“你認得我?”他冷然道。
這原不該是個問題。宮中除了內官,男子不過寥寥幾人,任誰也能猜出他的身份。但琴太微驚惶失措之下,竟然脫口說出了真實原因:“我見過令尊的容像。”
如此不智的回答,說完她就後悔了。他卻低下頭繼續寫字,竟不再理會她。她站了一會兒,不知是否應該告退。那篇青詞的底稿就在書案上放著,青藤紙和朱筆也齊備,她甚至應該向他請教幾個字。但她的心像是一下子被撞碎了,哪裏還敢再和他說話。
就在這時,清暇居的大門嘩然打開,徐皇後領著道士們過來了。她已換上白鶴氅與蓮花冠,手持一柄象牙麈尾,飄飄然進來,含笑道:“阿楝還不走嗎?”
“這就走。”徵王振振袖子,從書案旁繞過來,朝皇後行了個禮,已換上一副溫雅恭謙的麵容。
琴太微自見皇後入門,便縮到一旁,胸中焦躁如有百爪撓心。她看見皇後身邊的女官捧著一隻金盤,裏麵正是那篇篡改過的青詞。偏偏這時皇後一眼瞧見她了,隨口對徵王道:“阿楝,你已見過這位琴內人?她是琴督師的女兒,寫得一手好字。你寫的青詞,每次都是她謄錄的。”

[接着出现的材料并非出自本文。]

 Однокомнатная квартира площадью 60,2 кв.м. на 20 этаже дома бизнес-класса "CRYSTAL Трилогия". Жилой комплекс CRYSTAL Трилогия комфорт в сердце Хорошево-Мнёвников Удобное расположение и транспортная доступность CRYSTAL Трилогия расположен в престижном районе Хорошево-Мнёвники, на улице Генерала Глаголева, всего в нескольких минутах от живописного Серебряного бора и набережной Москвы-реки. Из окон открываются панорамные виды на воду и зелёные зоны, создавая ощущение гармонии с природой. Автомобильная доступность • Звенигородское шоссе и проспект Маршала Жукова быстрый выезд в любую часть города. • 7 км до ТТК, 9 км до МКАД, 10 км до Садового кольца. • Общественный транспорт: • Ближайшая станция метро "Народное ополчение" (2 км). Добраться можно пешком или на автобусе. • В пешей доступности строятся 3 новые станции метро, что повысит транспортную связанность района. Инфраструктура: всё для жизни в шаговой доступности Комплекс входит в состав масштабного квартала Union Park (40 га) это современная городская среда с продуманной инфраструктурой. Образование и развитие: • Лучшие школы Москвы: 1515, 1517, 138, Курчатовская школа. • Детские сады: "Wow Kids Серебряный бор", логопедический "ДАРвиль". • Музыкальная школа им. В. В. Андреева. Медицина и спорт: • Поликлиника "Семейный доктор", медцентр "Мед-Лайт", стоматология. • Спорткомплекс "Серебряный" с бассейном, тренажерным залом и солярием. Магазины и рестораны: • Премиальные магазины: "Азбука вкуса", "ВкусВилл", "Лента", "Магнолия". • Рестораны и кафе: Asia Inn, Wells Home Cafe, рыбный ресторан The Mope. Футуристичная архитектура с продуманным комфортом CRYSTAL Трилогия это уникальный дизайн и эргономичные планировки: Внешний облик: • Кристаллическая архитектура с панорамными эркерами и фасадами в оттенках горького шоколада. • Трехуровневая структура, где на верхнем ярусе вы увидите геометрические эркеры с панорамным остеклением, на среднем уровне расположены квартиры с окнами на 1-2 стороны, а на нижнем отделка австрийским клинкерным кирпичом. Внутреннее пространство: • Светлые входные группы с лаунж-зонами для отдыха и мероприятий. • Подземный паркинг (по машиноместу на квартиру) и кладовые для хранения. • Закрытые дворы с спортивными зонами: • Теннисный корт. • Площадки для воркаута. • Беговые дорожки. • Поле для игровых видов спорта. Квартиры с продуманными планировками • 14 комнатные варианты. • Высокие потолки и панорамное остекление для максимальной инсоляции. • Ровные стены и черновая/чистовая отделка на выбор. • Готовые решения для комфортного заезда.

皇後一邊說,一邊將盤中的青詞拿了過來,遞給徵王鑒賞。他似乎看了很久,久到琴太微連呼吸都快忘記了。她低著頭,盯著他那件天青色潞綢道袍的衣角,眼中隻看見潮水漫漫,浸得她渾身僵冷。
最後徵王說了四個字:“法書精妙。”說完似乎覺得不夠,掃了琴太微一眼,又淡淡道:“有勞女史了。”
琴太微勉強拜了他一下,已是渾身冷汗說不出一句話來。皇後留意到她神色有異,催問著:“琴內人,你不舒服嗎?”
琴太微隻得回道:“還好。”
卻是徵王輕聲說了句:“她
的袖子怎麽了?”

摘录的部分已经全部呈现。